- DATA RECORDS:

/---

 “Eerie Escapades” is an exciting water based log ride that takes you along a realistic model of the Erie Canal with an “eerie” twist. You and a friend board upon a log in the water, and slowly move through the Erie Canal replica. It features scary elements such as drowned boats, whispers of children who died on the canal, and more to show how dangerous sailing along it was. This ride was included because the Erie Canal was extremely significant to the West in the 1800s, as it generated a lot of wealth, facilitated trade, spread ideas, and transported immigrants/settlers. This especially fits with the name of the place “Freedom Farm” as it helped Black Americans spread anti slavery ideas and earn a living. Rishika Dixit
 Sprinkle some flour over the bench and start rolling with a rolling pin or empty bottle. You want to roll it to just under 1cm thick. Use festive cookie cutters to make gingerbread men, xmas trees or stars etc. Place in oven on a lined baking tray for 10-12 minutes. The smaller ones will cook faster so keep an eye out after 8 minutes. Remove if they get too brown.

\---
/---

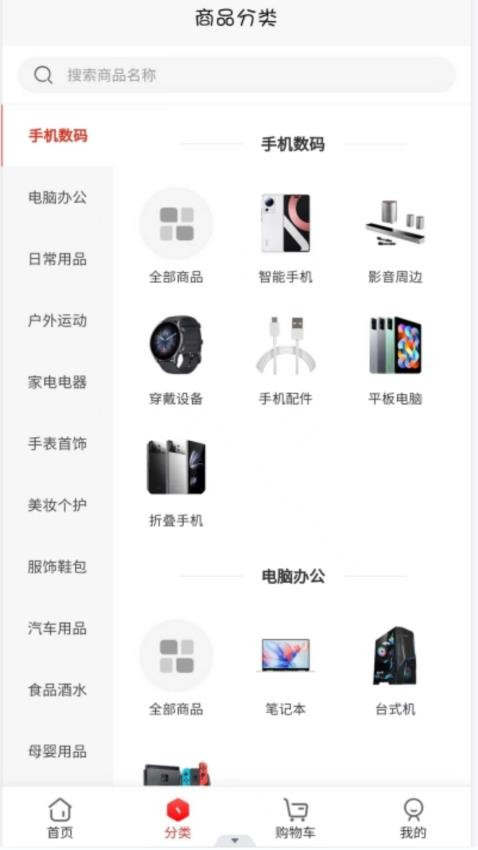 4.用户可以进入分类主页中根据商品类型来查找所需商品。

\---

- ABOUT THIS EXERCISE: Beginning with the line that has "living. Rishika Dixit" and ending with the line that has "Sprinkle some flour", set down the lines above exactly and include no others.

- TASK RESPONSE:
 “Eerie Escapades” is an exciting water based log ride that takes you along a realistic model of the Erie Canal with an “eerie” twist. You and a friend board upon a log in the water, and slowly move through the Erie Canal replica. It features scary elements such as drowned boats, whispers of children who died on the canal, and more to show how dangerous sailing along it was. This ride was included because the Erie Canal was extremely significant to the West in the 1800s, as it generated a lot of wealth, facilitated trade, spread ideas, and transported immigrants/settlers. This especially fits with the name of the place “Freedom Farm” as it helped Black Americans spread anti slavery ideas and earn a living. Rishika Dixit
 Sprinkle some flour over the bench and start rolling with a rolling pin or empty bottle. You want to roll it to just under 1cm thick. Use festive cookie cutters to make gingerbread men, xmas trees or stars etc. Place in oven on a lined baking tray for 10-12 minutes. The smaller ones will cook faster so keep an eye out after 8 minutes. Remove if they get too brown.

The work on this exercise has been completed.